From mboxrd@z Thu Jan  1 00:00:00 1970
Return-Path: <linux-kernel-owner@vger.kernel.org>
Received: (majordomo@vger.kernel.org) by vger.kernel.org via listexpand
        id S1751405AbeAWQM0 (ORCPT <rfc822;w@1wt.eu>);
        Tue, 23 Jan 2018 11:12:26 -0500
Received: from mail-pg0-f68.google.com ([74.125.83.68]:46626 "EHLO
        mail-pg0-f68.google.com" rhost-flags-OK-OK-OK-OK) by vger.kernel.org
        with ESMTP id S1750994AbeAWQMZ (ORCPT
        <rfc822;linux-kernel@vger.kernel.org>);
        Tue, 23 Jan 2018 11:12:25 -0500
X-Google-Smtp-Source: AH8x224y5TssgccWalhPLhQWAukWzAAu3Z+APvoInSguMqIkRE9PIXi5uVMXyYX4yemugHkWUo89ag==
Date: Wed, 24 Jan 2018 01:12:21 +0900
From: Sergey Senozhatsky <sergey.senozhatsky@gmail.com>
To: Tejun Heo <tj@kernel.org>
Cc: Steven Rostedt <rostedt@goodmis.org>,
        Sergey Senozhatsky <sergey.senozhatsky@gmail.com>,
        Sergey Senozhatsky <sergey.senozhatsky.work@gmail.com>,
        Petr Mladek <pmladek@suse.com>, akpm@linux-foundation.org,
        linux-mm@kvack.org, Cong Wang <xiyou.wangcong@gmail.com>,
        Dave Hansen <dave.hansen@intel.com>,
        Johannes Weiner <hannes@cmpxchg.org>, Mel Gorman <mgorman@suse.de>,
        Michal Hocko <mhocko@kernel.org>, Vlastimil Babka <vbabka@suse.cz>,
        Peter Zijlstra <peterz@infradead.org>,
        Linus Torvalds <torvalds@linux-foundation.org>,
        Jan Kara <jack@suse.cz>,
        Mathieu Desnoyers <mathieu.desnoyers@efficios.com>,
        Tetsuo Handa <penguin-kernel@I-love.SAKURA.ne.jp>,
        rostedt@rostedt.homelinux.com, Byungchul Park <byungchul.park@lge.com>,
        Pavel Machek <pavel@ucw.cz>, linux-kernel@vger.kernel.org
Subject: Re: [PATCH v5 0/2] printk: Console owner and waiter logic cleanup
Message-ID: <20180123161221.GD429@tigerII.localdomain>
References: <20180117134201.0a9cbbbf@gandalf.local.home>
 <20180119132052.02b89626@gandalf.local.home>
 <20180120071402.GB8371@jagdpanzerIV>
 <20180120104931.1942483e@gandalf.local.home>
 <20180121141521.GA429@tigerII.localdomain>
 <20180123064023.GA492@jagdpanzerIV>
 <20180123095652.5e14da85@gandalf.local.home>
 <20180123152130.GB429@tigerII.localdomain>
 <20180123104121.2ef96d81@gandalf.local.home>
 <20180123154347.GE1771050@devbig577.frc2.facebook.com>
MIME-Version: 1.0
Content-Type: text/plain; charset=us-ascii
Content-Disposition: inline
In-Reply-To: <20180123154347.GE1771050@devbig577.frc2.facebook.com>
User-Agent: Mutt/1.9.2 (2017-12-15)
Sender: linux-kernel-owner@vger.kernel.org
List-ID: <linux-kernel.vger.kernel.org>
X-Mailing-List: linux-kernel@vger.kernel.org

Hello, Tejun

On (01/23/18 07:43), Tejun Heo wrote:
> Hello, Steven.
> 
> On Tue, Jan 23, 2018 at 10:41:21AM -0500, Steven Rostedt wrote:
> > > I don't want to have heuristics in print_safe, I don't want to have a magic
> > > number controlled by a user-space visible knob, I don't want to have the
> > > first 3 lines of a lockdep splat.
> > 
> > We can have more.
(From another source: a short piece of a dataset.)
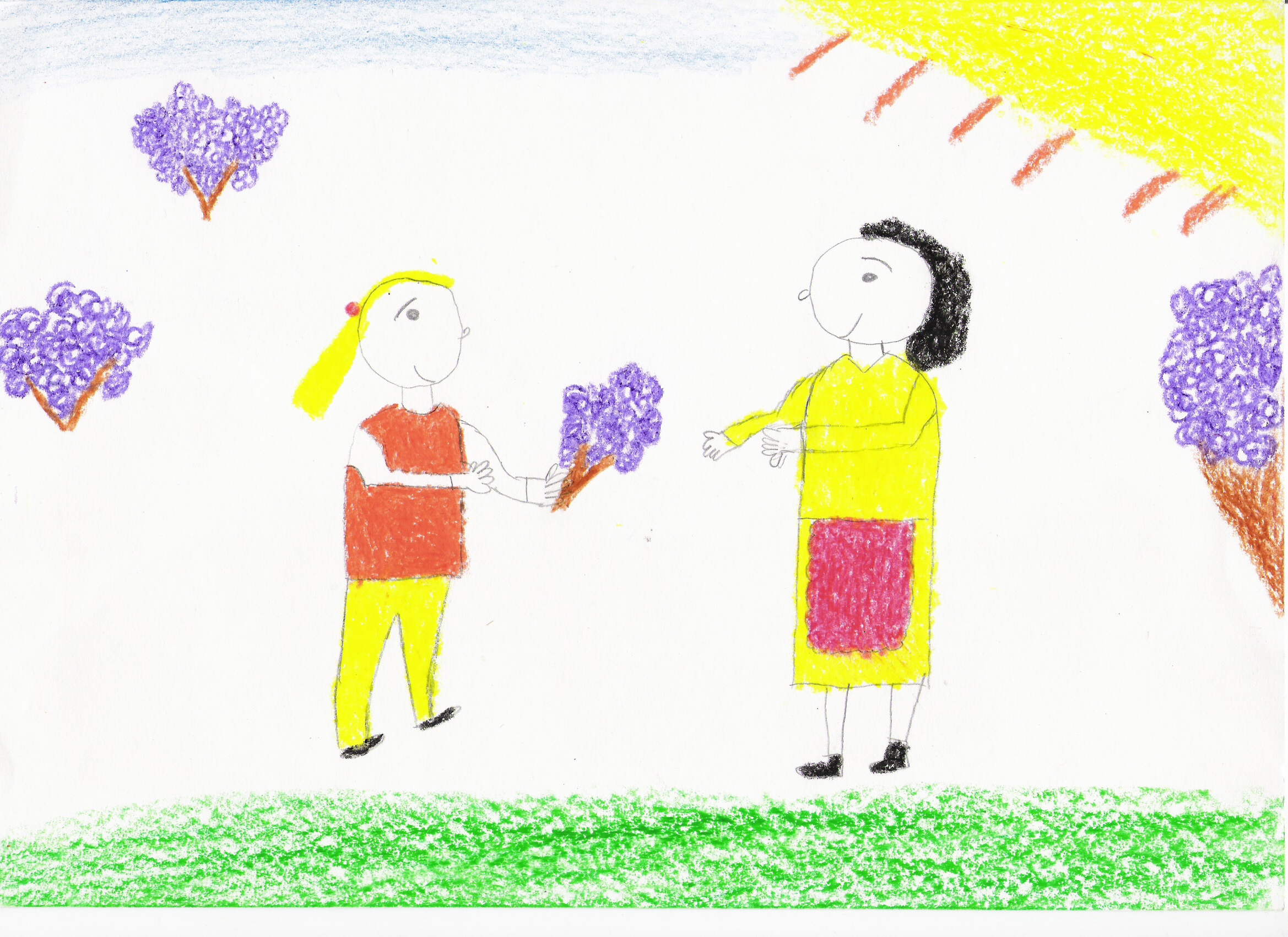 A rajz mégis békés, szeretettel teli, igazi anyák napi rajz, amin a szeretet és az egymásra figyelés uralkodik.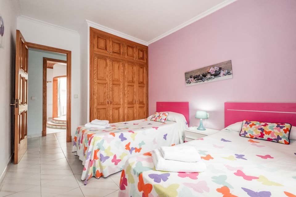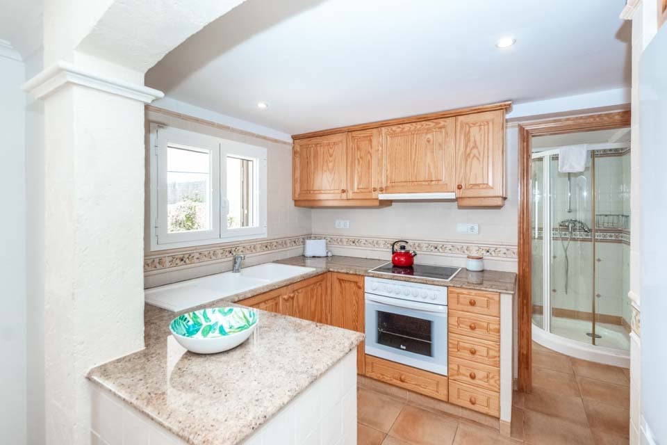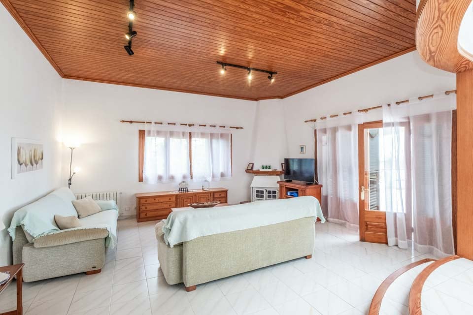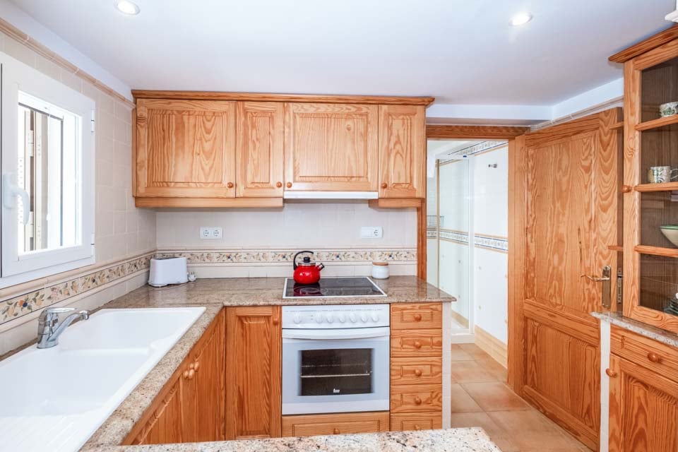 Området i underetasjen har 2 soverom og 2 bad, mens leiligheten i andre etasje har 3 soverom og 2 bad. Den ovenpå terrassen har fantastisk havutsikt, og gir en pittoresk setting for avslapning og nytelse, i tillegg er det en stor overbygd terrasse i første etasje. Hver terrasse er utstyrt med sitt eget spisebord og stoler som tilbyr ulike kroker for ultimat avslapning.

But if printk is causing printks, that's a major bug.
> > And work queues are not going to fix it, it will just spread out the
> > pain. Have it be 100 printks, it needs to be fixed if it is happening.
> > And having all printks just generate more printks is not helpful. Even
> > if we slow them down. They will still never end.
> 
> So, at least in the case that we were seeing, it isn't that black and
> white.  printk keeps causing printks but only because printk buffer
> flushing is preventing the printk'ing context from making forward
> progress.  The key problem there is that a flushing context may get
> pinned flushing indefinitely and using a separate context does solve
> the problem.

Would you, as the original bug reporter, be OK if we flush printk_safe (only
printk_safe, not printk_nmi for the time being) via WQ? This should move that
"uncontrolled" flush to a safe context. I don't think we can easily add
kthread offloading to printk at the moment (this will result in a massive gun
fight).

Just in case, below is something like a patch. I think I worked around the
possible wq deadlock scenario. But I haven't tested the patch yet. It's
a bit late here and I guess I need some rest. Will try to look more at
it tomorrow.

From: Sergey Senozhatsky <sergey.senozhatsky@gmail.com>
Subject: [PATCH] printk/safe: split flush works

---
 kernel/printk/printk_safe.c | 75 +++++++++++++++++++++++++++++++++++++--------
 1 file changed, 63 insertions(+), 12 deletions(-)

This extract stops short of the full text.